Extracted records:
--------------------------------
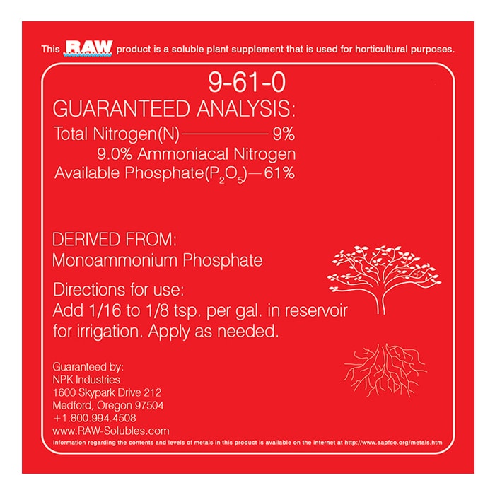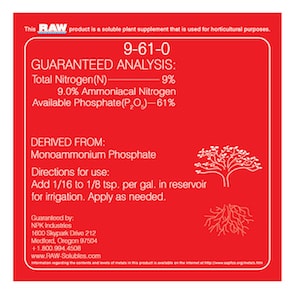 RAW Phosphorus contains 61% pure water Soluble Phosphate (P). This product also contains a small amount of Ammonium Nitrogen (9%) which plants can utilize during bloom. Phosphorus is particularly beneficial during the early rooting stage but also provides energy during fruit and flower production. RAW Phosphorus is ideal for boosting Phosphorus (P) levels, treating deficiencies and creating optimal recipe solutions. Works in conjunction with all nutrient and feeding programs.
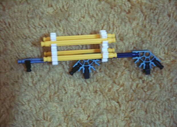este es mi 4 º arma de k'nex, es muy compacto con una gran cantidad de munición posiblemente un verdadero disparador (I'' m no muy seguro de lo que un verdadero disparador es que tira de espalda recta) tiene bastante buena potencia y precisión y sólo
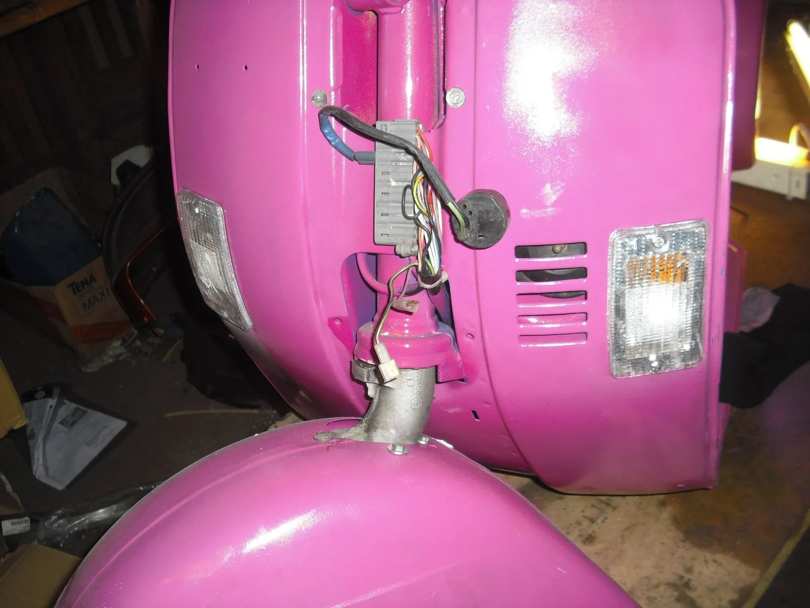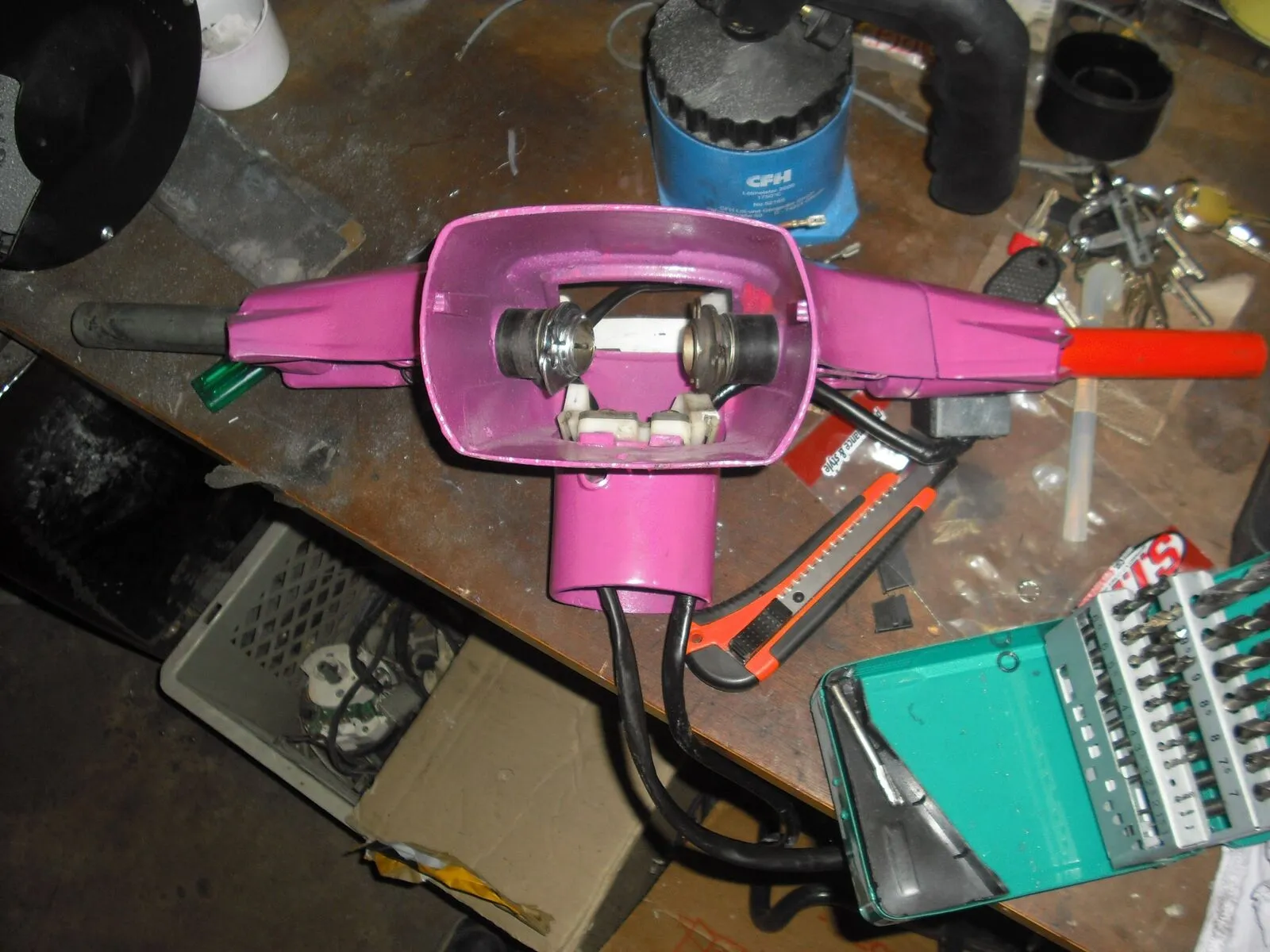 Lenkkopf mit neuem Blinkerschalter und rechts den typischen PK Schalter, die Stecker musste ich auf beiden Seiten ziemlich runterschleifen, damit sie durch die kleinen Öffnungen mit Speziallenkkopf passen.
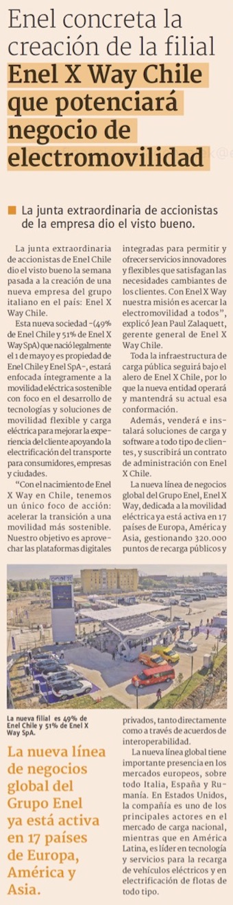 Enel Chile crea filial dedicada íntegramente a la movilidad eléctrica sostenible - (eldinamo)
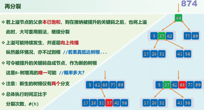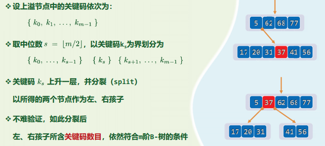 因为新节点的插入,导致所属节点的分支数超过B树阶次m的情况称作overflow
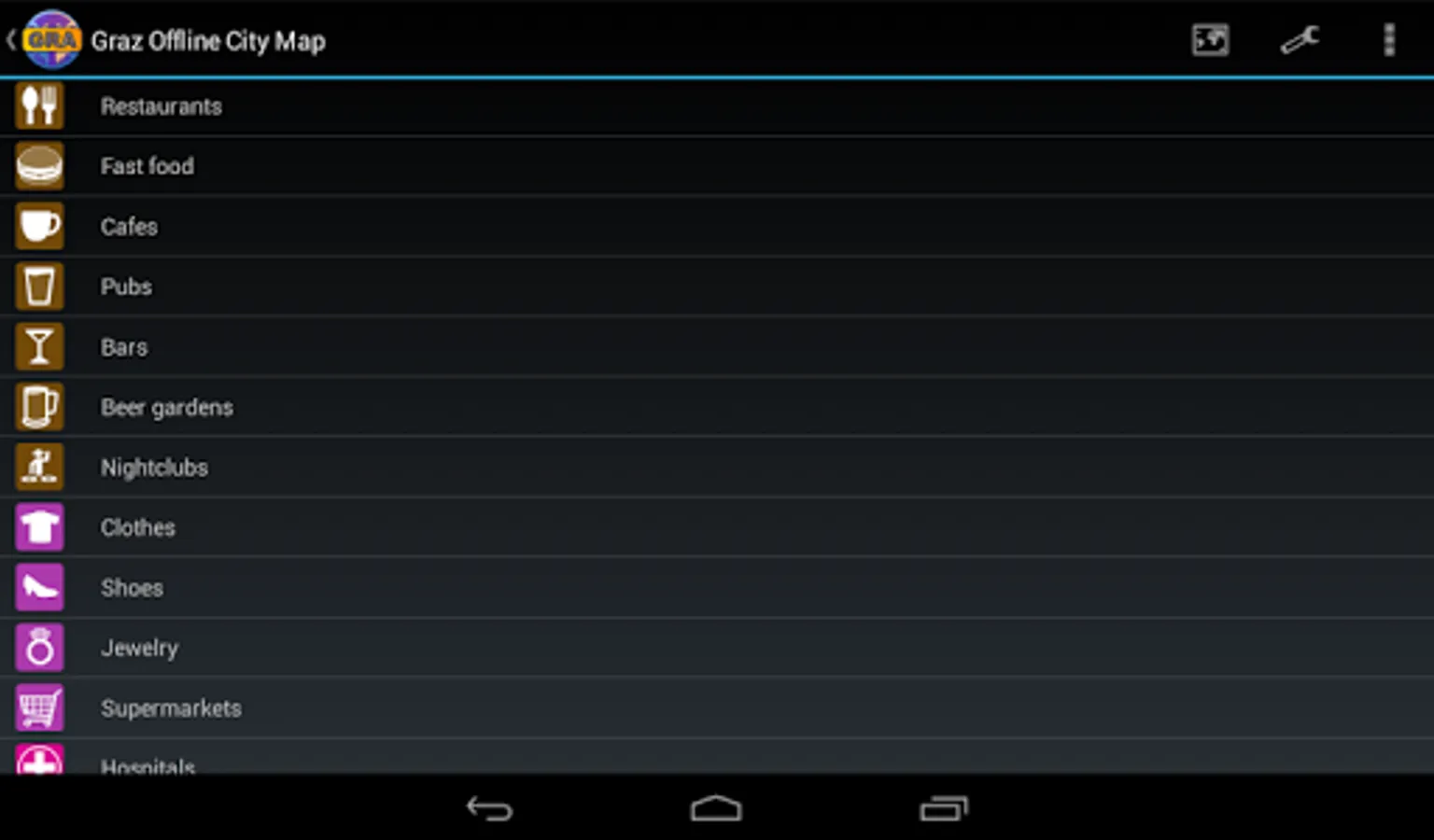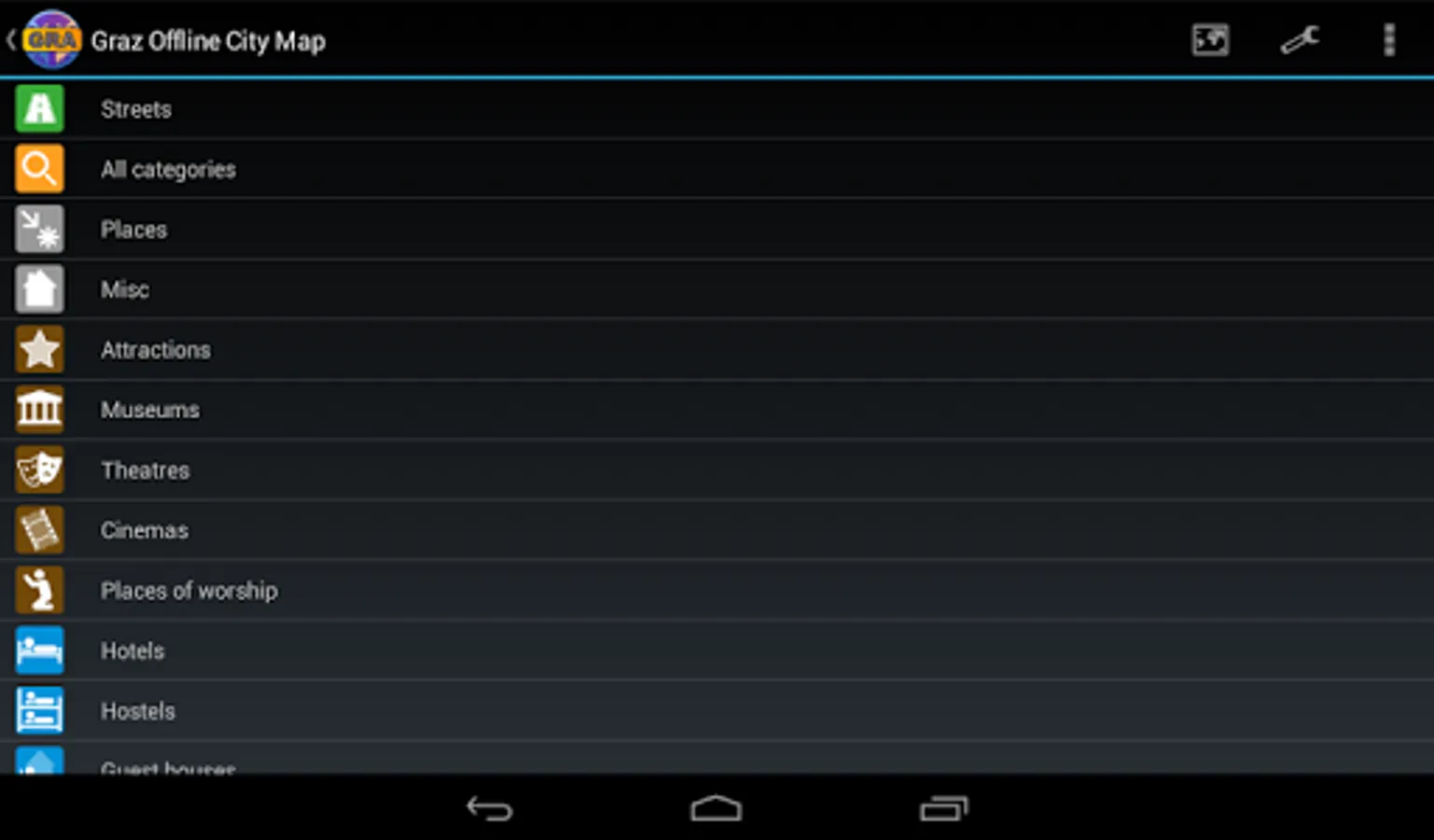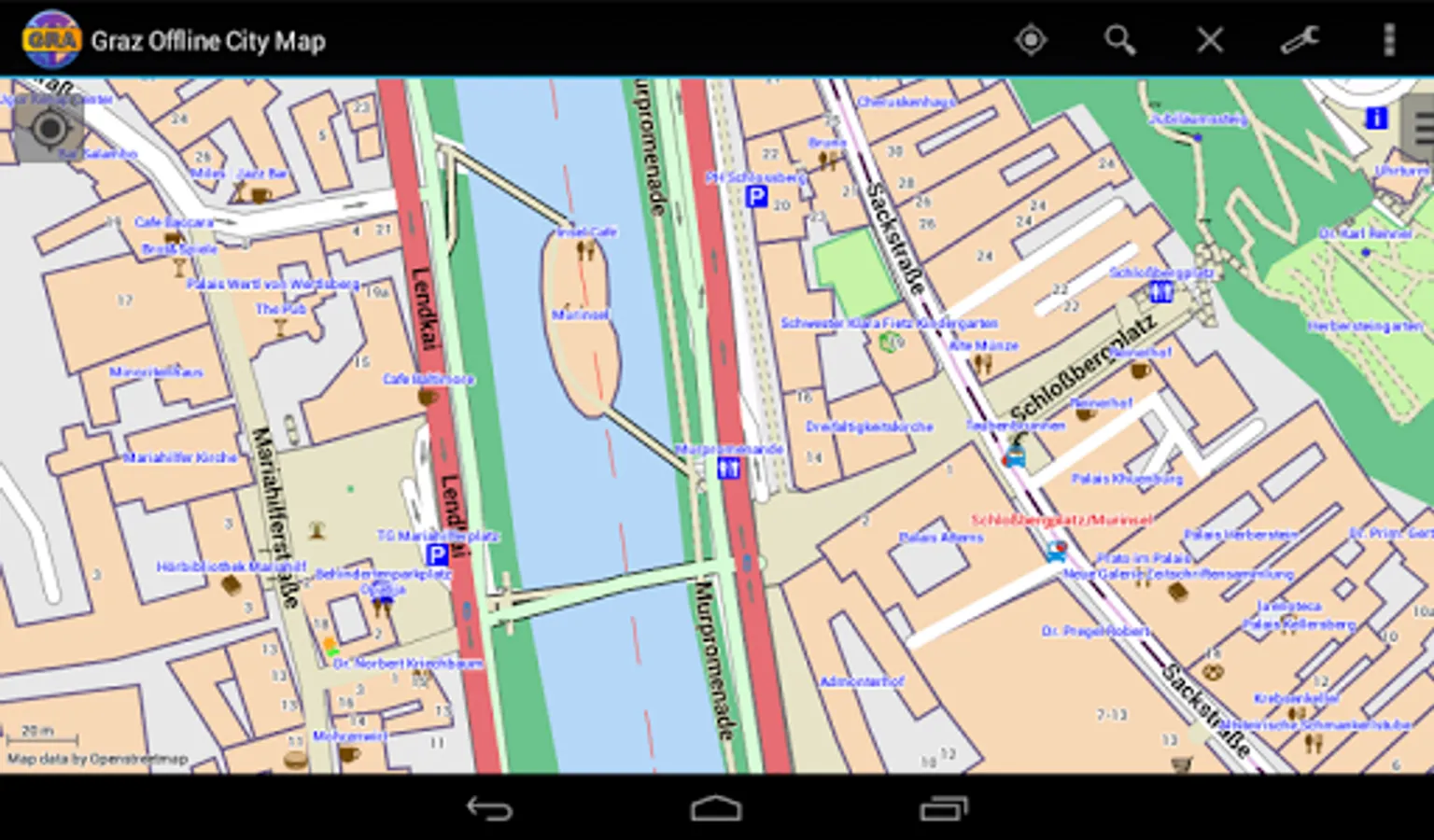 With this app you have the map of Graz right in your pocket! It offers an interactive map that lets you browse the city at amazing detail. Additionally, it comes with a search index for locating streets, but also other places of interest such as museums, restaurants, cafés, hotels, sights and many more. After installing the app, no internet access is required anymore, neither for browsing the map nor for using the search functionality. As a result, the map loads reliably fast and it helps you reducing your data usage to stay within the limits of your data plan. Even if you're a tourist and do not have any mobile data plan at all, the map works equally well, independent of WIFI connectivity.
--------------------------------
Exercise prompt: Word for word, restate the records above and drop the pictures.

Result of the task:
 RAW Phosphorus contains 61% pure water Soluble Phosphate (P). This product also contains a small amount of Ammonium Nitrogen (9%) which plants can utilize during bloom. Phosphorus is particularly beneficial during the early rooting stage but also provides energy during fruit and flower production. RAW Phosphorus is ideal for boosting Phosphorus (P) levels, treating deficiencies and creating optimal recipe solutions. Works in conjunction with all nutrient and feeding programs.
este es mi 4 º arma de k'nex, es muy compacto con una gran cantidad de munición posiblemente un verdadero disparador (I'' m no muy seguro de lo que un verdadero disparador es que tira de espalda recta) tiene bastante buena potencia y precisión y sólo
 Lenkkopf mit neuem Blinkerschalter und rechts den typischen PK Schalter, die Stecker musste ich auf beiden Seiten ziemlich runterschleifen, damit sie durch die kleinen Öffnungen mit Speziallenkkopf passen.
 Enel Chile crea filial dedicada íntegramente a la movilidad eléctrica sostenible - (eldinamo)
 因为新节点的插入,导致所属节点的分支数超过B树阶次m的情况称作overflow
 With this app you have the map of Graz right in your pocket! It offers an interactive map that lets you browse the city at amazing detail. Additionally, it comes with a search index for locating streets, but also other places of interest such as museums, restaurants, cafés, hotels, sights and many more. After installing the app, no internet access is required anymore, neither for browsing the map nor for using the search functionality. As a result, the map loads reliably fast and it helps you reducing your data usage to stay within the limits of your data plan. Even if you're a tourist and do not have any mobile data plan at all, the map works equally well, independent of WIFI connectivity.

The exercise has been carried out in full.